These ideas about evolutionary time are the foundation for the concrete time periods we in the West have constructed. Thus, the course of Western history—and concerns human and civil, religious and, lately, scientific and technological—have been responsible for our unique view of time. We have borrowed heavily from the Greeks: their logic, idealism, and reason lie at the foundation of how we think about time and its relationship to the natural world. The practical elements associated with time, the ones found when I unpacked the calendar unit by unit, seem to be descended directly from the Romans and their version of timekeeping, the ideas about time in the Middle Ages, especially its endowment with a linear quantity, having grown out of Christian beliefs propagated by the Eastern Holy Roman Empire, the formal bureaucratic structure that survived Rome. As mechanism replaced animism in the Enlightenment, and mechanistic determinism became the preferred form of reasoning, the world machine offered the most felicitous explanations about the history of the universe. Making good ideas to explain how things work was part of the success story of the Western invention of good things to simplify life. New technology was accompanied by new empiricism—a pair of compatible forces welded together by the desire for precision and regulation that had stemmed from medieval ecclesiastical concerns and was later fueled by the rise of the merchant class. Time's line became more continuous than discontinuous and, like the mechanical clock, was engraved with a carefully tooled set of fiducial marks to quantify its course, every indication on the measuring stiek having been placed there as a result of direct experiment.
In the Renaissance, Greek idealism resurfaced in the form of the quest for underlying fixed and eternal first principles—the need to fit individual events into a general set of laws. The dialogue concerning these principles could best he conducted in the language of mathematics.
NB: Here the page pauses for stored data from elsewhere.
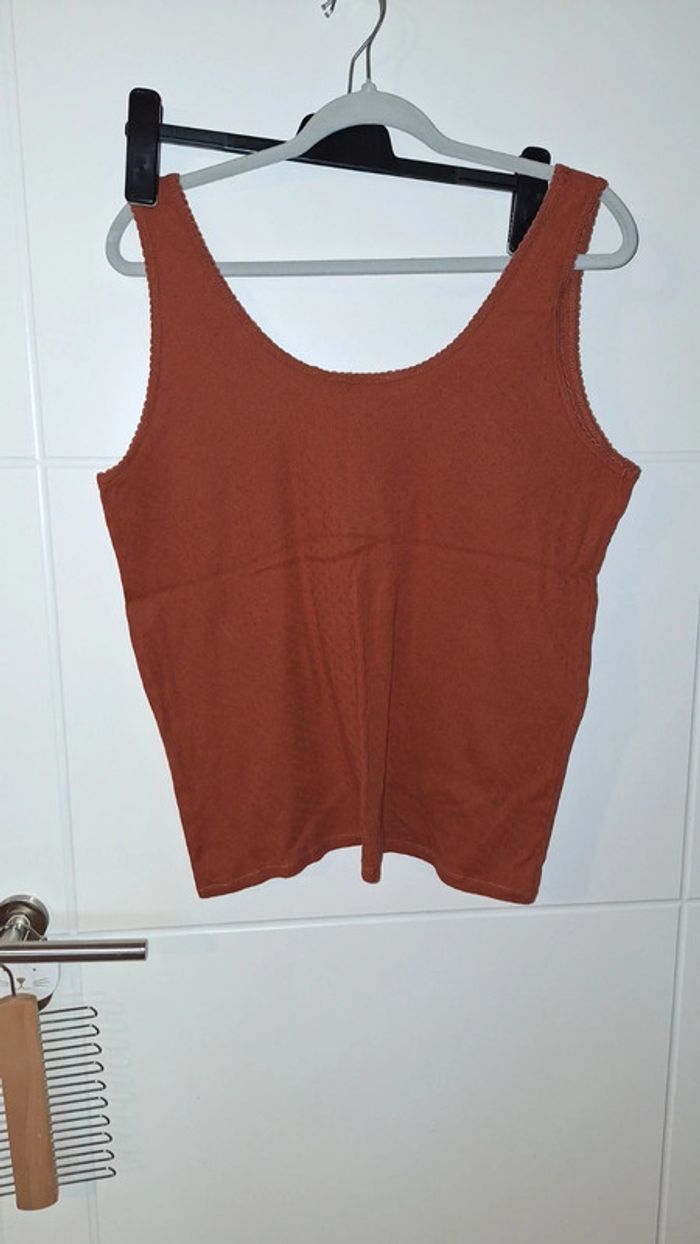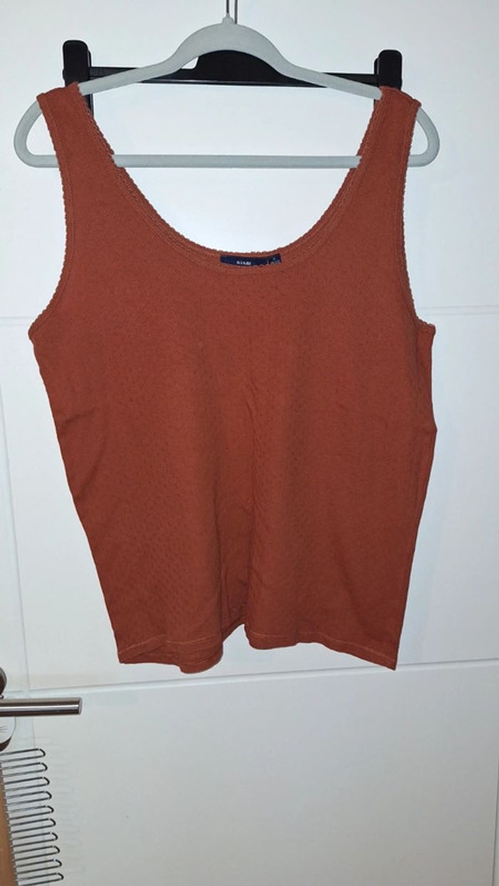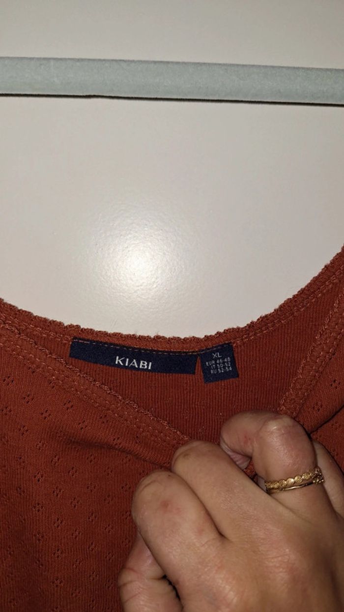 Haut de pyjama en coton couleur rouille de chez Kiabi. Très bon état. Taille 46/48 mais taille petit. - Largeur d'aisselle à aisselle : 54 cm. - Longueur totale : 64 cm.
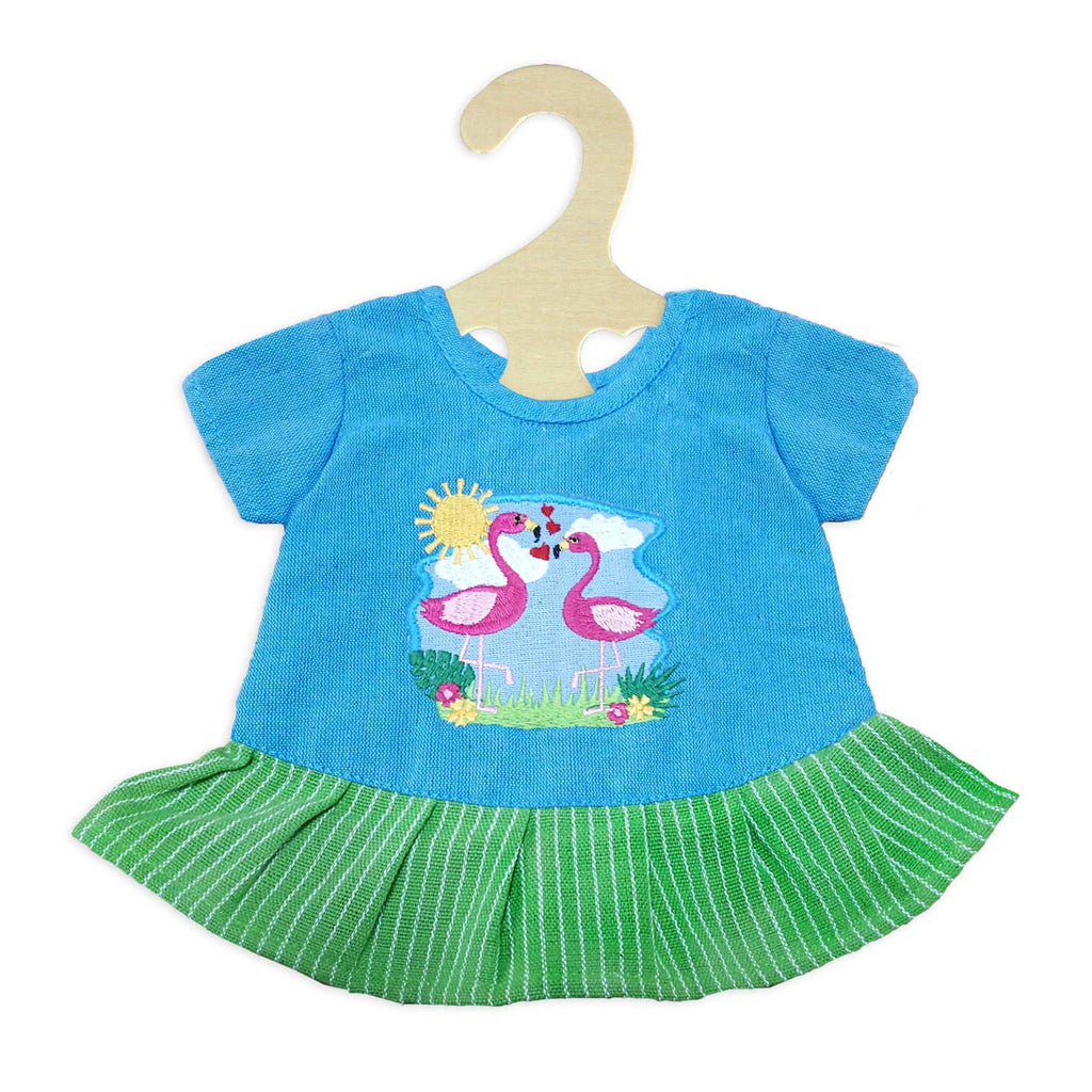 Deze schattige poppenjurk ziet er zomers uit. De top van het jurkje is blauw van kleur en er zijn 2 flamingo's op geborduurd. Het rokje is groen van kleur met witte strepen. De poppenjurk is gemakkelijk aan te trekken door middel van klittenband en geschikt voor poppen met een lengte van 28-35 cm. Fairtrade gemaakt.
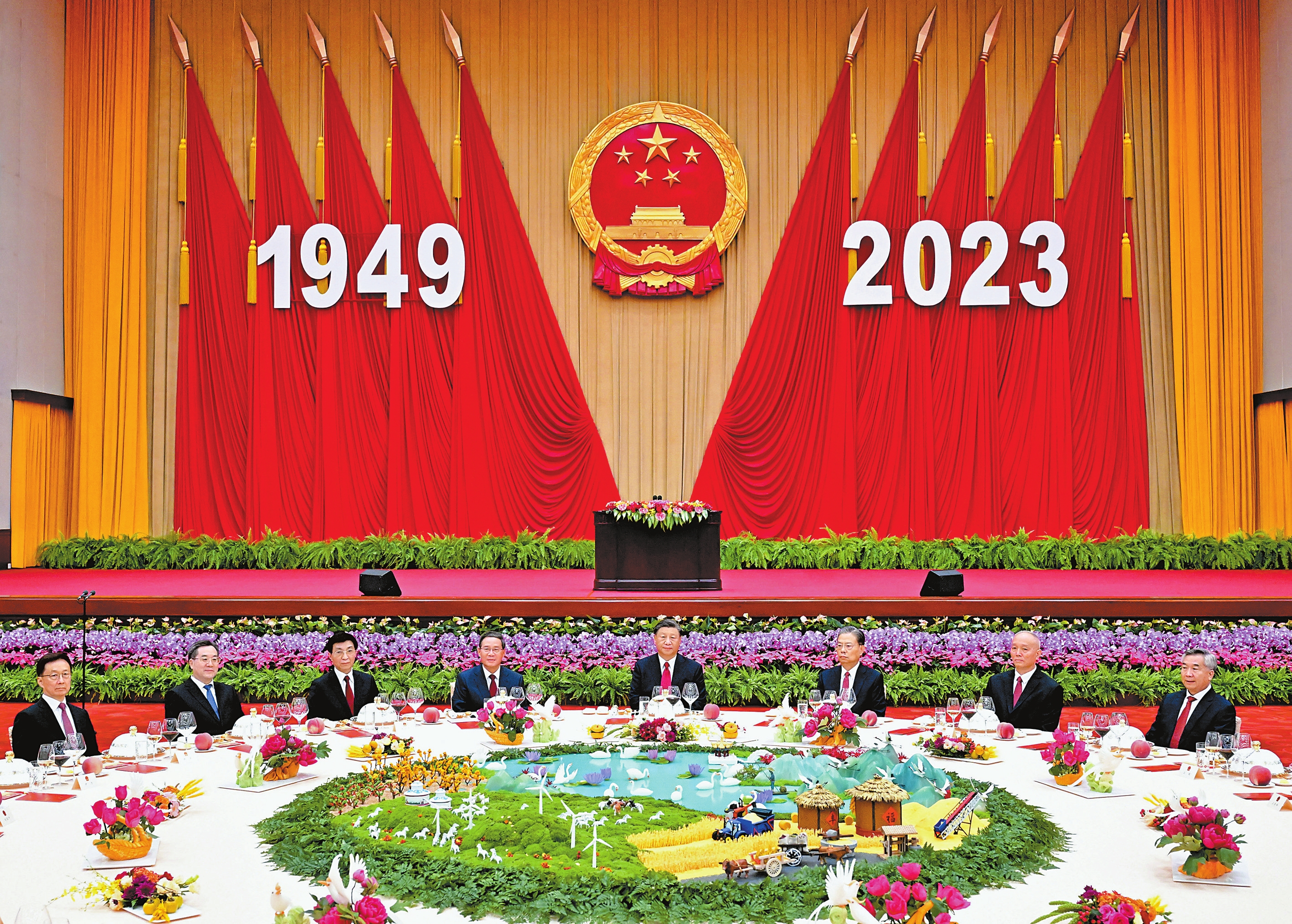 人民大会堂宴会厅华灯璀璨、鲜花绽放,洋溢着喜庆热烈的节日氛围。主席台上方高悬着庄严的国徽,“1949-2023”大字年号在鲜艳的红旗映衬下格外醒目。
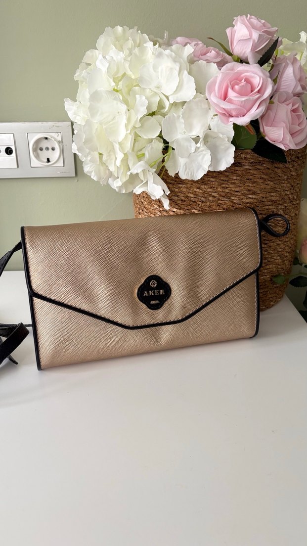 Bej renkli, deri malzemeden yapılmış, bel detaylı ve parlak baskılı modern klasik tarzda kadın clutch çanta. Günlük kullanıma uygundur.
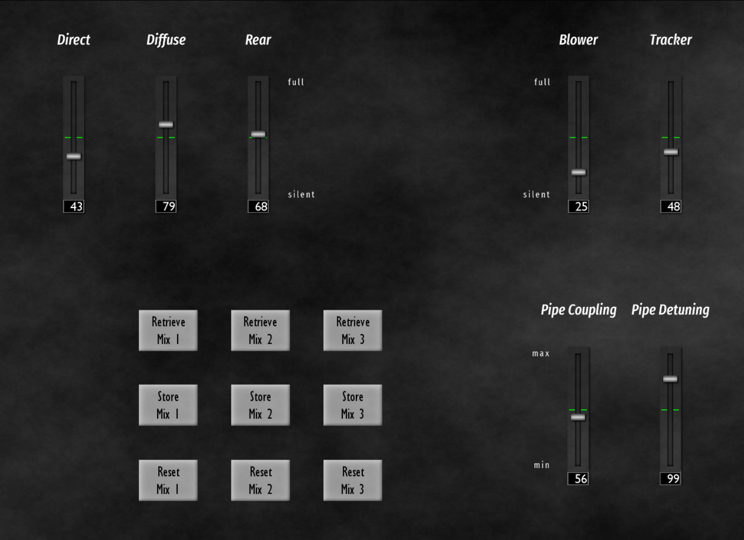 La registrazione è stata effettuata vicino al case dell'organo. I campioni contengono ancora un po' di riverberazione della chiesa, sebbene il suono diretto delle canne prevalga. È approssimativamente la registrazione della posizione dell'organista. Mentre i campioni totalmente asciutti possono suonare grezzi se utilizzati senza alcuna riverberazione aggiuntiva, questa variante "umida" del set di campioni può essere preferita da coloro che amano acustiche più asciutte per la pratica domestica. Può suonare piuttosto naturale nell'ambiente domestico.
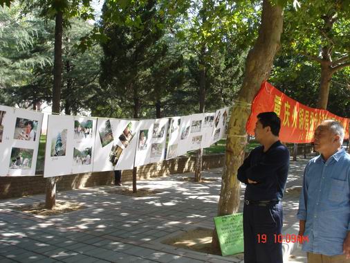 经过认真的准备,9月19日,第一批照片在我系军训场地(北朴实路北食堂段)展出,在这次题为“掠影”的展出中,同学们用手中的相机,捕捉了老师和同学在写生过程中的每一个精彩瞬间,有写生忘我入境的专注、有气氛热烈的集体就餐、有精彩纷呈的联欢晚会,凡此等等,不一而足。这些精彩的照片,吸引了军训新生和过路同学的目光,博取他们的丝丝羡慕和连绵赞美。
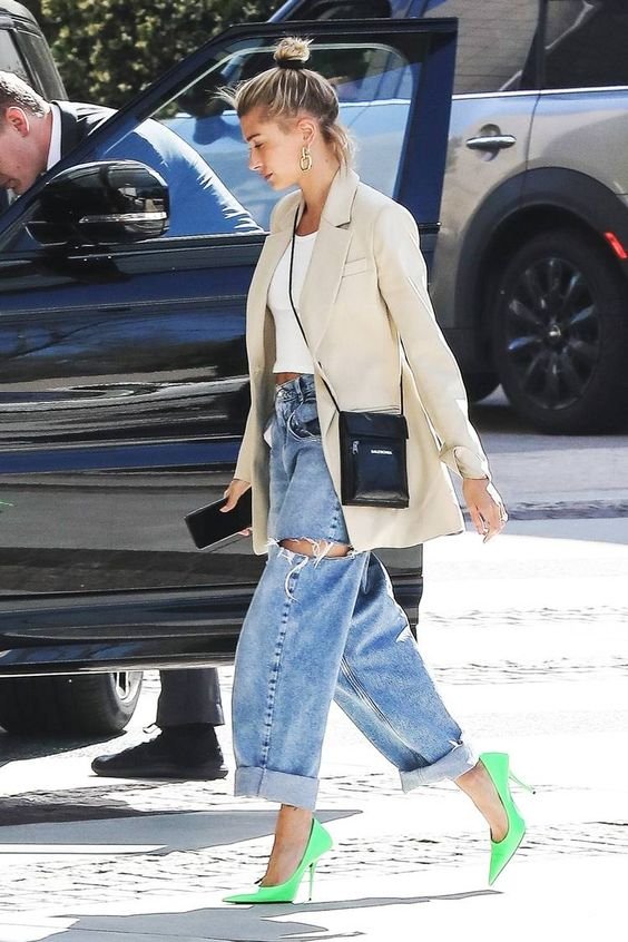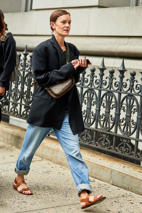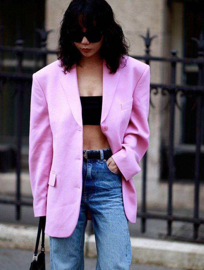whowhatwear.co.ukЕсли вы хотите составить более лаконичный интересный образ с джинсами, сделайте его в мужском стиле. Например, очень круто смотрятся джинсы с каким-нибудь кроп-топом или майкой в бельевом стиле, поверх которого надета мужская рубашка или пиджак в мужском стиле.
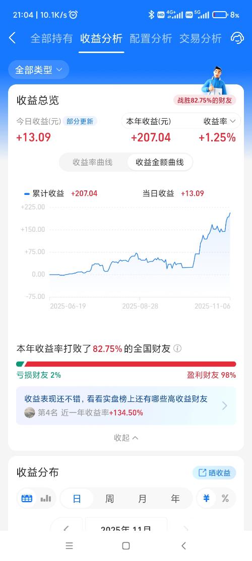 理财第70天,今天赚了+13.09元,累计盈利+207.04元,再度突破个人新高。大盘站上4000,持有的板块也慢慢爬了起来,稳定了信心。(今天躺平。)$上证指数(SH000001)$$深证成指(SZ399001)$$沪深300(SH000300)$
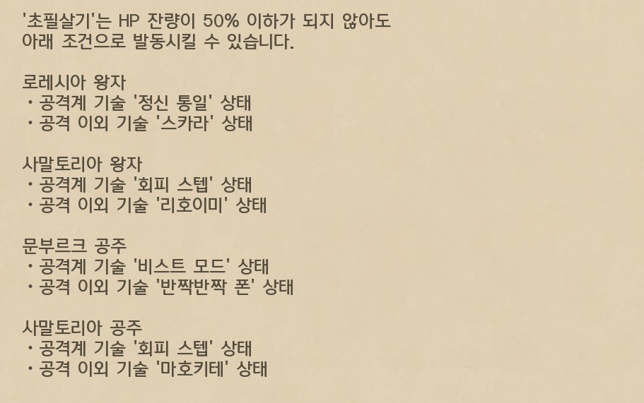 이번작은 캐릭마다 조건이 다르다. 그렇기에 HP50%이하를 포함 캐릭마다 3가지 조건하에

The spatialization of time, vividly expressed in the twentieth-century "world diagram" of figure 4.5, also started with the Greeks, who gave us logic in a most unusual and succinct form—one not practiced as extensively anywhere else in the world. It is Greek geometry that has allowed modern cosmology to be so spatial, so orbital and planar, and is the basis of "space science," the geocentric, heliocentric, and galactocentric coordinate systems, and the cartesian reference frame. In our visually oriented world view, time has been seen in reference to space; and since the time of Descartes, we have laid out space in concrete terms.
Our last few hundred years of thinking about time began optimistically—a decided upswing in the pendulum's amplitude from the protracted medieval pessimism over the failed Second Coming. Even the nineteenth century's last holdouts began to despair of that long-anticipated Resurrection and Assumption. The notion of temporal continuity coupled with optimism made for a progressive way of thinking about change that is still operative. And our passionate love of progress coupled with our insatiable appetite for technology may know no limits.